Your goal: Leave out the pictures, and reproduce exactly the lines from the line containing "這是雄安新區(qū)悅容公園北苑內(nèi)的景色(9月1日攝,無人機照片)。新華社記者 牟宇 攝" through the final line of the entries.

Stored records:
-*-

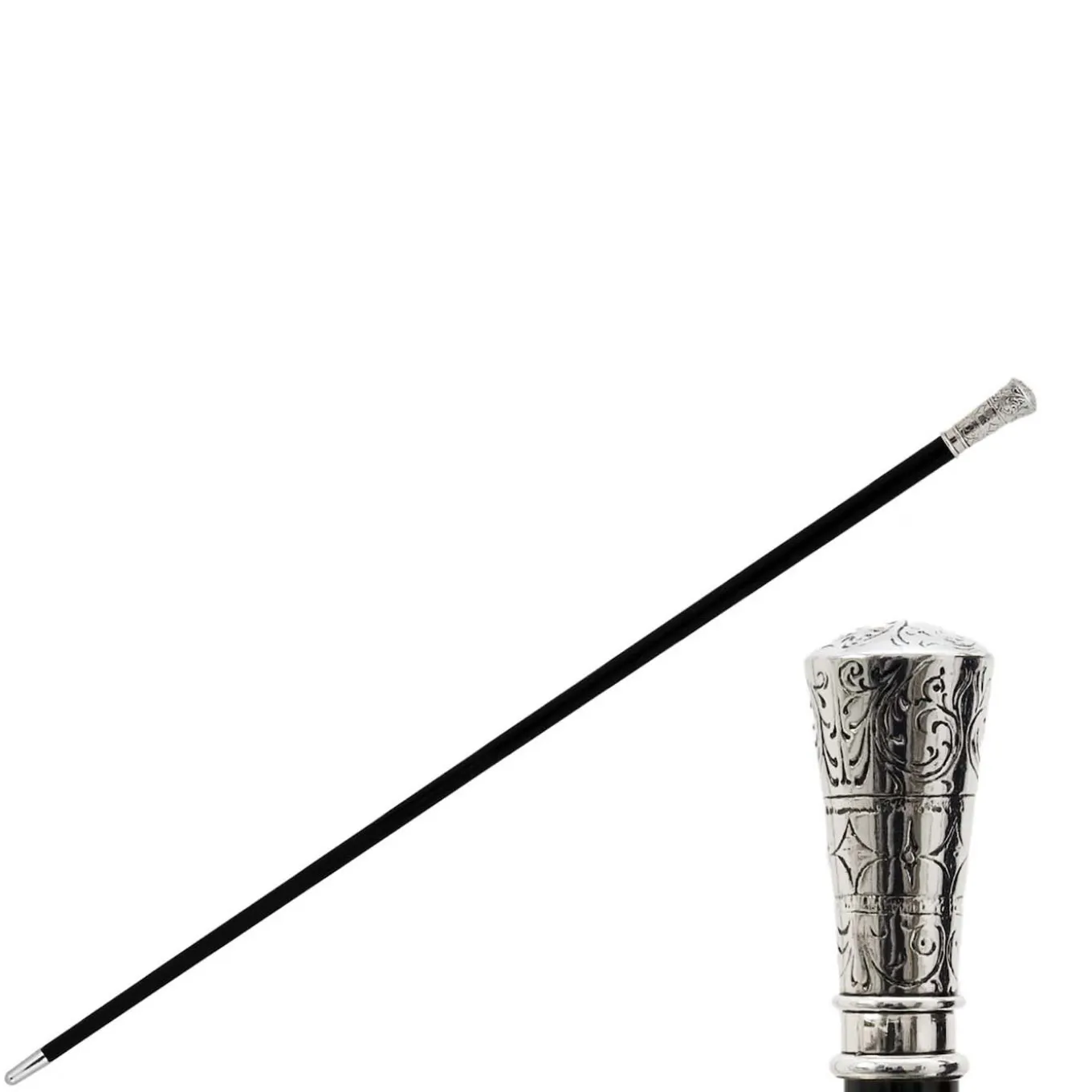 This is the perfect choice for those who are looking for a classic yet oustanding cane. Handmade in Italy, this cane features a 92-cm long wooden shaft, a brass tip with rubber and an engraved silver-plated resin handle.
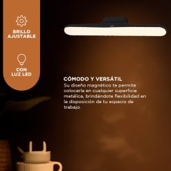 Selecciona la temperatura de color que se ajuste a tus preferencias con opciones de luz blanca, luz cálida y luz mixta. Su diseño magnético te permite colocarla en cualquier superficie metálica, brindándote flexibilidad en la disposición de tu espacio de trabajo.
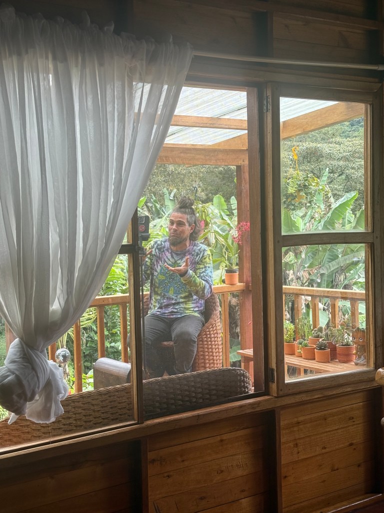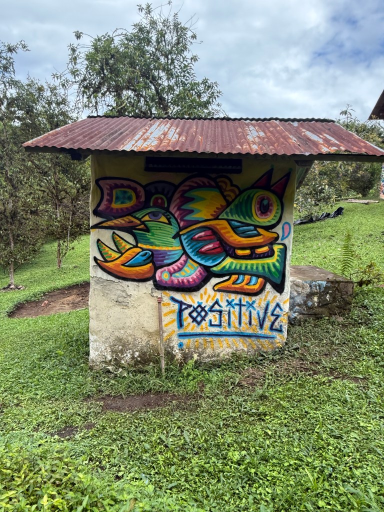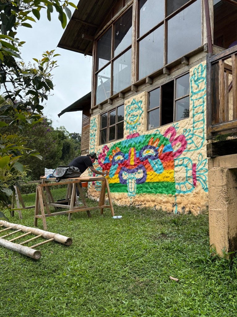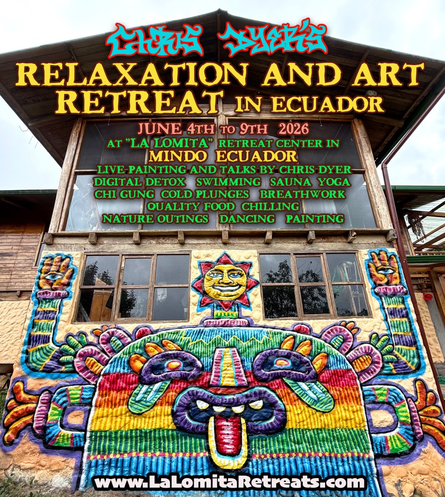 Come hang with us at La Lomita as we host Artist Chris Dyer for a 6 day retreat. Chris is a Peruvian-Canadian visual artist now residing in Saint Petersburg, Florida. As a world and dimensions traveler, he experiences different cultures and re-expresses them into his vision of Oneness. He serves as a bridge-builder between different art movements, from skateboard graphics, visionary paintings, street art murals and more. Chris wants to break the boxes and see everything becoming one harmonious reality. Chris’s art has been featured in many museums around the world including the Bob Marley Museum in Jamaica, the Straat Museum in Amsterdam, Entheon in New York, and more. Chris has had five books published so far and has been featured in many other art books and magazines worldwide. He also Sold Out a NFT of 5555 pieces back in 2021, creating a community called the “Galaktic Gang”. Though his subject matters are as varied as his styles, his art is just a reflection of his personal spiritual journey. At the start of 2026 we hosted Chris, and his wife Paulina, to come and paint a mural for us. What Chris created for La Lomita was a Portal of Positivity. I feel grateful and the magic it has added to our peaceful sanctuary is beyond words. Want to feel the vibration? Come spend 6 days disconnecting, relaxing and become one with the Mindo-Nambillo Cloud Forest.
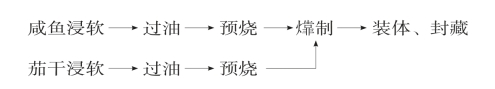 (1)预加工:①将风咸青鱼肚档洗净浸在清水里10小时使之脱去部分咸味,再切成丁或条,入180℃油中炸至起面。②将茄干亦浸软,切成丁或条入180℃油中炸起色。
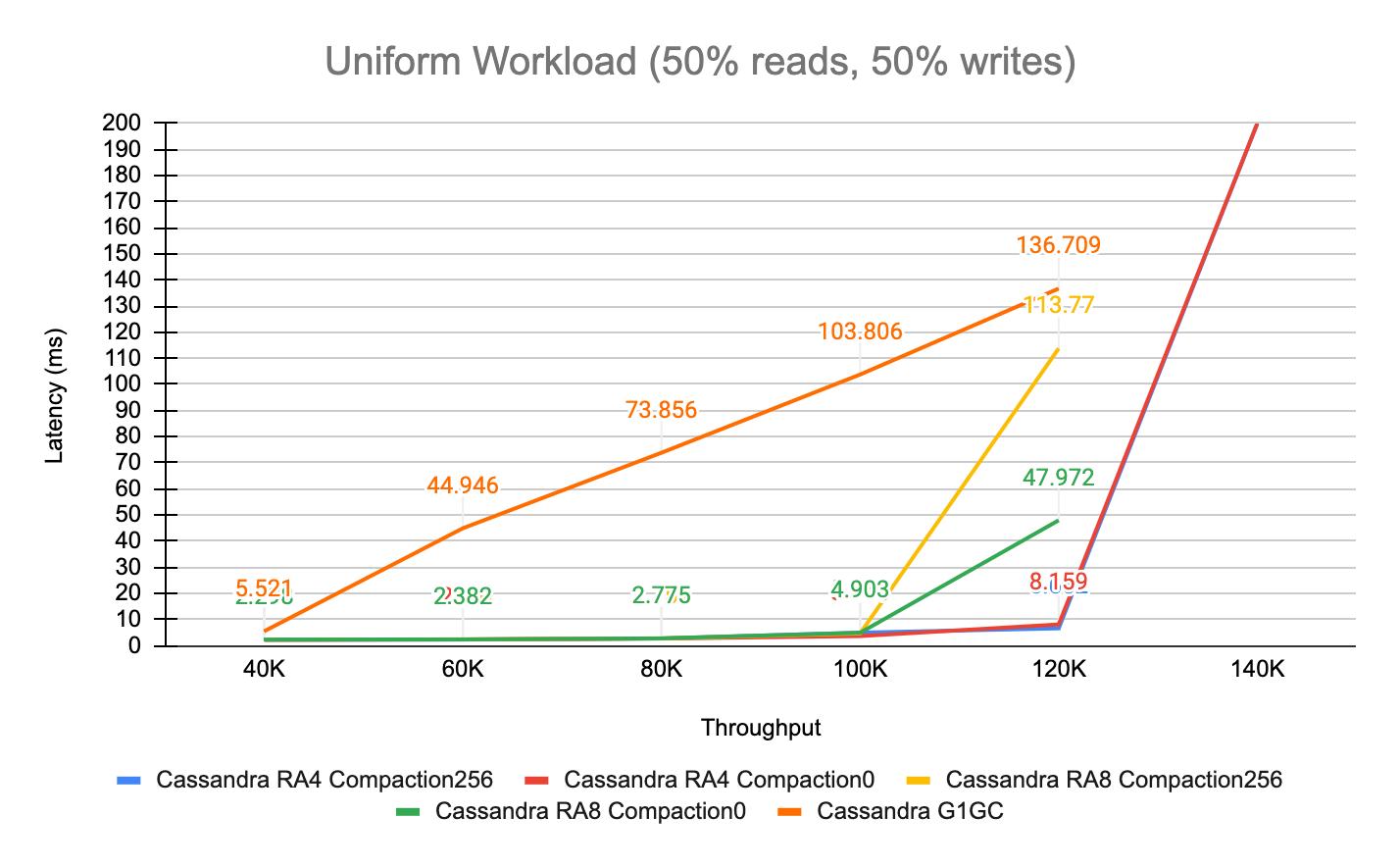 We started by evaluating the performance of G1GC and observed that tail latencies were severely affected beyond a throughput of 40K/s. Simply switching to ZGC gave a nice performance boost, so we decided to stick with it for the remainder of our testing. The following table shows the performance variability of Cassandra 5.0 while using different tuning settings (it’s ordered from best to worst case):
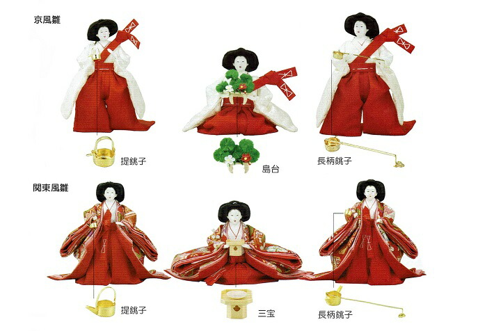 三人官女の並べ方と持ち物 – 真多呂人形博物館。
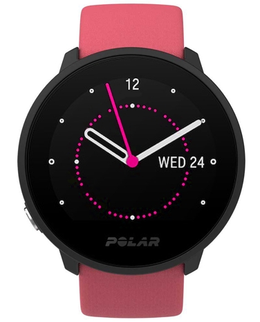 Polar A360 memiliki tampilan yang rapi. Dimungkinkan untuk mengubah warna tali silikon. Ada 5 total: hitam, putih, pink, hijau dan biru.
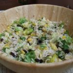 Ensalada templada de langostinos con jamón ibérico, verduras en tempura y salsa romesco
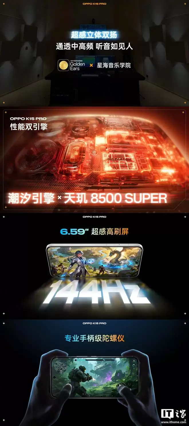OPPO K15 Pro 拥有全新超感立体双扬,由 OPPO 金耳朵实验室与星海音乐学院联合调音,宣称“音质通透,沉浸感拉满”。
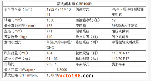 【CBF190R配置表】
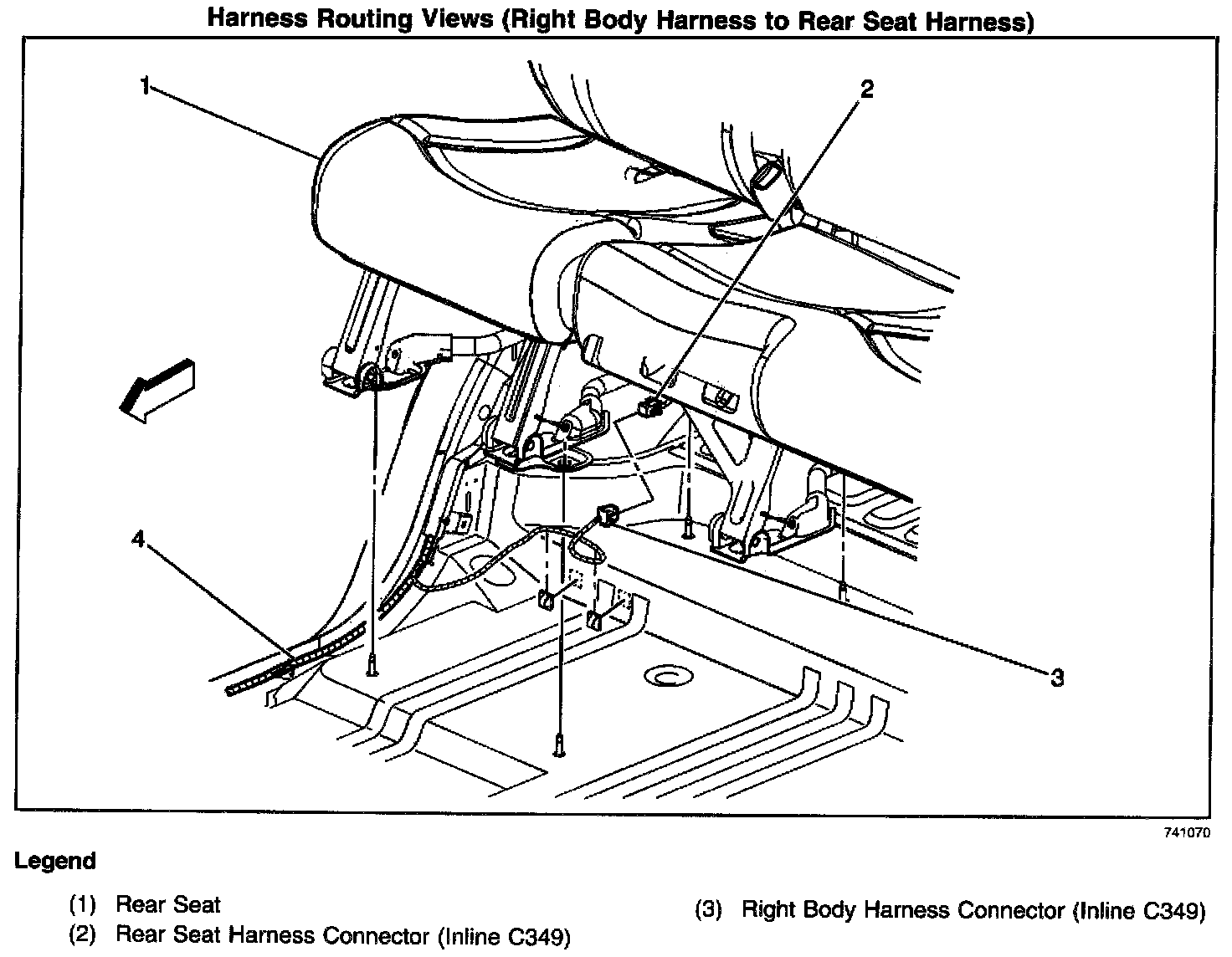 Harness Routing Views (Right Body Harness to Rear Seat Harness):
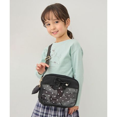 フロントにはリボンをあしらい、クリアポケットはハートドット柄になっているので、何も入れなくてもキュートなデザインです。
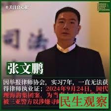 据悉,现年31岁的张文鹏,曾是山东晓临律师事务所一名实习律师。因举报青岛司法局的腐败,遭报复被永久禁止执业。
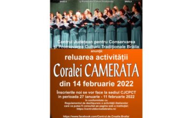 * înființată în anul 1997, Corala „Camerata” își va relua activitatea în cadrul Centrului Județean pentru Conservarea și Promovarea Culturii Tradiționale Brăila Corala Feminină...
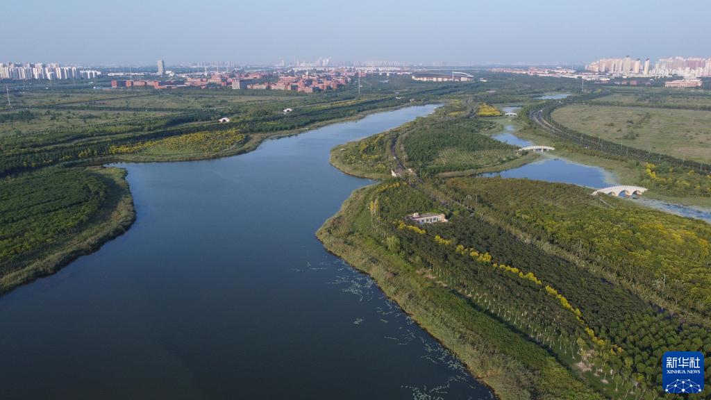 這是雄安新區(qū)悅容公園北苑內(nèi)的景色(9月1日攝,無人機照片)。新華社記者 牟宇 攝
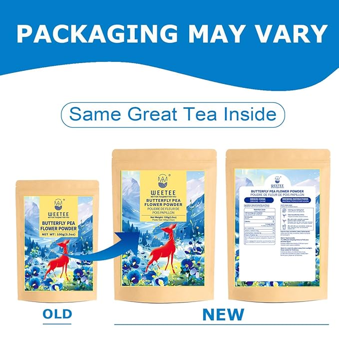 WT WEETEE Butterfly Pea Flower Powder, 100% Natural & Pure from Blue Butterfly Pea Flowers, Caffeine Free Herbal Tea For Blue & Purple Drinks
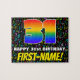 This vibrant and cheerful birthday jigsaw puzzle design features a large number “31” with a multicolored rainbow spectrum inspired gradient pattern, along with the message “HAPPY 31st BIRTHDAY,”, and an editable recipient name. The background features a joyful pattern of musical symbols and notes of various colours and sizes. A bold, customisable birthday puzzle like this might be used to acknowledge somebody’s thirty-first birthday. These might be extra special for a music-themed birthday party. [~Z0000608]
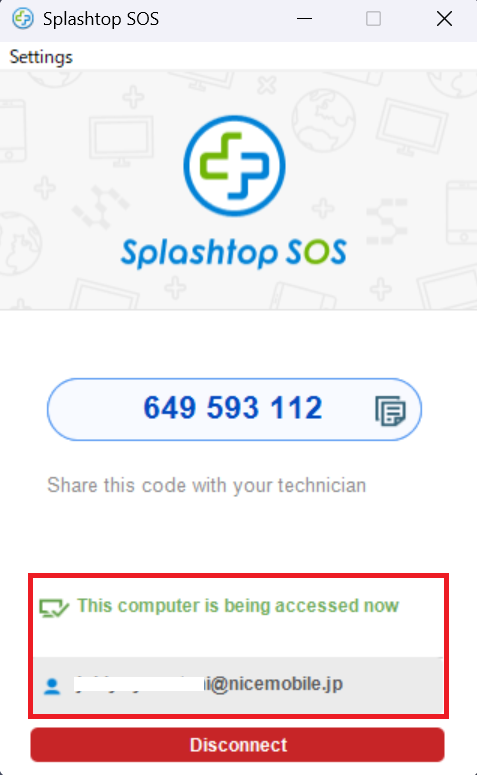 実行後に表示される9桁のコードを担当者へ伝え、そのまま画面を触らずにお待ちください。
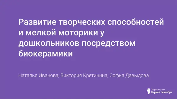 Развитие мелкой моторики - одна из актуальных проблем при поступлении ребенка в школу. Обычно дети, имеющие высокий уровень развития мелкой моторики, умеют логически рассуждать, у них достаточно развита память, внимание и связная речь. В работе с дошкольниками используется оригинальный вид декоративно-прикладного искусства - лепка из солёного теста, которая называется биокерамикой или тестопластикой.
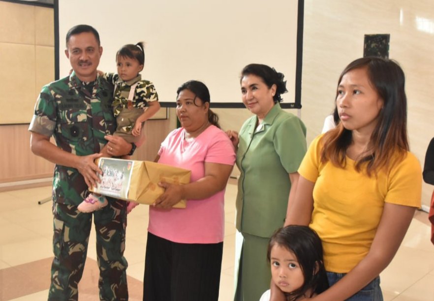 Acara penyerahan tali asih kepada anak asuh stunting binaan Kodam XIII/Merdeka sebanyak 50 anak stunting diserahkan oleh Pangdam XIII/Merdeka Mayjen TNI Denny Tuejeh dengan didampingi Ketua Persit KCK Daerah XIII/Merdeka Ny. Cicilia Evie Tuejeh beserta pengurus.
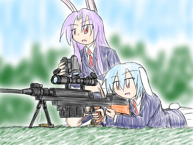 #東方の90分お絵描き #鈴仙・優曇華院・イナバ #レイセン #東方 「…ビューリフォー。腕上げたね」 「いえいえ、センパイほどじゃないですよ」 狙撃兎's withヘカ様 何かやらかしたのか低空飛行中のブン屋を小高い丘の上から狙撃中 ※ただし妖怪なので直撃しても「痛ってぇ!」で済む

-*-

Response to this exercise:
 這是雄安新區(qū)悅容公園北苑內(nèi)的景色(9月1日攝,無人機照片)。新華社記者 牟宇 攝
 WT WEETEE Butterfly Pea Flower Powder, 100% Natural & Pure from Blue Butterfly Pea Flowers, Caffeine Free Herbal Tea For Blue & Purple Drinks
 This vibrant and cheerful birthday jigsaw puzzle design features a large number “31” with a multicolored rainbow spectrum inspired gradient pattern, along with the message “HAPPY 31st BIRTHDAY,”, and an editable recipient name. The background features a joyful pattern of musical symbols and notes of various colours and sizes. A bold, customisable birthday puzzle like this might be used to acknowledge somebody’s thirty-first birthday. These might be extra special for a music-themed birthday party. [~Z0000608]
 実行後に表示される9桁のコードを担当者へ伝え、そのまま画面を触らずにお待ちください。
 Развитие мелкой моторики - одна из актуальных проблем при поступлении ребенка в школу. Обычно дети, имеющие высокий уровень развития мелкой моторики, умеют логически рассуждать, у них достаточно развита память, внимание и связная речь. В работе с дошкольниками используется оригинальный вид декоративно-прикладного искусства - лепка из солёного теста, которая называется биокерамикой или тестопластикой.
 Acara penyerahan tali asih kepada anak asuh stunting binaan Kodam XIII/Merdeka sebanyak 50 anak stunting diserahkan oleh Pangdam XIII/Merdeka Mayjen TNI Denny Tuejeh dengan didampingi Ketua Persit KCK Daerah XIII/Merdeka Ny. Cicilia Evie Tuejeh beserta pengurus.
 #東方の90分お絵描き #鈴仙・優曇華院・イナバ #レイセン #東方 「…ビューリフォー。腕上げたね」 「いえいえ、センパイほどじゃないですよ」 狙撃兎's withヘカ様 何かやらかしたのか低空飛行中のブン屋を小高い丘の上から狙撃中 ※ただし妖怪なので直撃しても「痛ってぇ!」で済む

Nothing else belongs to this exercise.